On the odd chance I do happen to stumble upon him he has in AirPods and barely makes any eye contact hardly even acknowledging my presence. Being someone that keeps to myself majority of the time I never thought someone ignoring me would make me feel like shit but Hero has managed to get it done. I understand I do but I can't help but be pissed at Hero for making me feel this way after promising he wouldn't make it awkward anymore, I mean I get it he normally doesn't live with his hookups afterwards having to see them everyday but I really thought we had become friends.

I do however have to admit that one good thing has come from this situation. Over the last couple of days Patrick and I have been talking a lot more and it has been nice speaking to Patrick like old times but I finally realized that's exactly what it was old times.

I know this makes me a horrible person and I've tried not too but I can't help but compare Patrick to Hero every chance I get. I've taken note of how different they are Hero sits and listens to everything have to say before saying his piece, Patrick on the other hand interrupts me all the time assuming he knows what I'm gonna say and 90% of the time he's wrong. Hero always laughs at my laugh while Patrick would usually tell me I'm laughing too loud. I have sat talking with Hero for hours upon hours about everything under the sun, including why I believe mermaids exist and I've never felt judgement from him. It's just so much easier to talk to Hero than it is to talk to my boyfriend and clearly there's something wrong with that picture.

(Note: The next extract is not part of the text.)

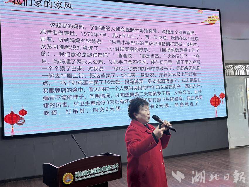 湖北日报客户端讯(通讯员李腊姣、孙彤)1月12日,孝感市“火炬”宣讲团的讲师们走进汉川市仙女山第三小学,为师生们带来了一堂关于“家教、家风、家训”与“习惯养成”的生动课程。市关工委、市教育局及仙女山街道相关领导一同出席了活动。

This past few days showed me that I don't miss Patrick as much as I thought I did, I miss Australia on a whole which includes Patrick  but I miss Hero more.

The ironic thing is it didn't take Patrick's actions to finally push me away it took me wanting more for myself and a certain green eyes boy showing me that I deserved more.

It's after I realized I missed Hero more than Patrick that I decided it was time to end things with Patrick so I texted him not too long ago that we needed to talk. I take a quick glance at the time he should be waking up soon and see my message. I could delay this call by pretending to be asleep if he calls since it's pretty late here in London I'm not trying to chicken out but I am not looking forward to ending a four year relationship over the phone.

My phone starts to vibrate in my lap displaying Patrick's name. I sigh. It's now or never.

I slide my finger across the screen answering the video call.

"Hey Babe." He greets me as his face appears on my screen.

"Hey Patrick " I respond with a smile.